Open table of contents

From theory to practice

In Part 1 I defended a simple idea: if you block blindly, you can disappear; if you leave everything open, you give away the substance and we all pay the cost without control. And that cost is not just “tokens”: it is also environmental cost (electricity, emissions associated with computation and, in many cases, water for cooling), plus repeated traffic and storage every time a bot crawls again.

In this second part I get into the technical side: two realistic strategies (total block and intermediate block) and a third key piece, showing alternative content. Part 3 goes deeper into how to adapt that alternative content to further reduce token consumption.
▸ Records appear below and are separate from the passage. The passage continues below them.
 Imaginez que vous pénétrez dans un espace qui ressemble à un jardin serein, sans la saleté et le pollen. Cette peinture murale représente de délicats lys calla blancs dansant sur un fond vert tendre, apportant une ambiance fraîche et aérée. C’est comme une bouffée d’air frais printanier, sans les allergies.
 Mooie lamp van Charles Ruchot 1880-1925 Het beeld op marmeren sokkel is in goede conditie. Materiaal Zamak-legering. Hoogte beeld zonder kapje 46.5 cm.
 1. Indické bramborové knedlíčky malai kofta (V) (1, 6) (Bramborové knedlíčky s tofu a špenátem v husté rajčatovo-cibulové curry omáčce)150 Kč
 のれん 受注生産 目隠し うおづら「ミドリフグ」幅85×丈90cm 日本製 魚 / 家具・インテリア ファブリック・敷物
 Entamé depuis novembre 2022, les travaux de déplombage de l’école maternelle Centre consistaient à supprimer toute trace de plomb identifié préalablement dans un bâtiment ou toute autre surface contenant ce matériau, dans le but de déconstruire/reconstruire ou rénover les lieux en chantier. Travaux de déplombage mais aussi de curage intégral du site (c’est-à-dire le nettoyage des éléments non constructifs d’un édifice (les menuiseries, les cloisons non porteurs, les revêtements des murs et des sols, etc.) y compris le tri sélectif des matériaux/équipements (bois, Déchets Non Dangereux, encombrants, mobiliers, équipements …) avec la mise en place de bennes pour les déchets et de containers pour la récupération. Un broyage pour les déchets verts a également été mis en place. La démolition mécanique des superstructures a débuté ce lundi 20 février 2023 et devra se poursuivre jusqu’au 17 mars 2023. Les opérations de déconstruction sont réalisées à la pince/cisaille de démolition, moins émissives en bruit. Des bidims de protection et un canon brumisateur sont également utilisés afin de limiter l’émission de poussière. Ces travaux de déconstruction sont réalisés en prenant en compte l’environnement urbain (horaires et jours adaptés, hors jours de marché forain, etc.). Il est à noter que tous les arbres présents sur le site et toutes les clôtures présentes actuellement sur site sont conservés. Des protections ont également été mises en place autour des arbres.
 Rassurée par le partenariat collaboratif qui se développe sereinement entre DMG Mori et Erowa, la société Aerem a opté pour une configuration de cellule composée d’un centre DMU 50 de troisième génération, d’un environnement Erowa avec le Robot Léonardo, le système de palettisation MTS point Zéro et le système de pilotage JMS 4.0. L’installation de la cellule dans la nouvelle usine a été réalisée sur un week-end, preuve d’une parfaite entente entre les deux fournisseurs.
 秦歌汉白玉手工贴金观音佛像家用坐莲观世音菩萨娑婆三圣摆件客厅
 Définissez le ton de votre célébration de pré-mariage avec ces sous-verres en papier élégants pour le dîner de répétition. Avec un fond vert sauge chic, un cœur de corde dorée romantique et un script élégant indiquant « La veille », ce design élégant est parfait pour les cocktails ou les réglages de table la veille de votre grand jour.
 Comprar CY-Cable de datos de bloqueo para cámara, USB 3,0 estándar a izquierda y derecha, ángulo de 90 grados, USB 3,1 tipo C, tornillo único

Important: no measure is 100% reliable. The goal is to reduce surface and cost, and leave clear signals.

Signals before blocking: llms.txt and other clues

Before raising the wall, it is worth deciding what you want the AI to “understand” about your web.

llms.txt (useful signal, not standard)

/llms.txt is a proposal to give LLMs a “friendly” and controlled version of your site (context + key links). Today there are no guarantees of adoption: use it as a complementary hint, not as security. Even so, it is very useful in an intermediate strategy: if you limit the full HTML, it can be the “door” to offer exactly what you want them to understand.

Other useful options (without reinventing anything)

robots.txt: what it is and what it is NOT

robots.txt is a good-faith agreement: it indicates what a bot should crawl, but it does not prevent it by itself.

Two quick ideas:

  1. If a bot respects robots.txt, your file is the simplest (and compatible) way to control its behavior.

  2. If a bot does not respect robots.txt, you need enforcement layers: server rules, WAF, rate limiting, etc.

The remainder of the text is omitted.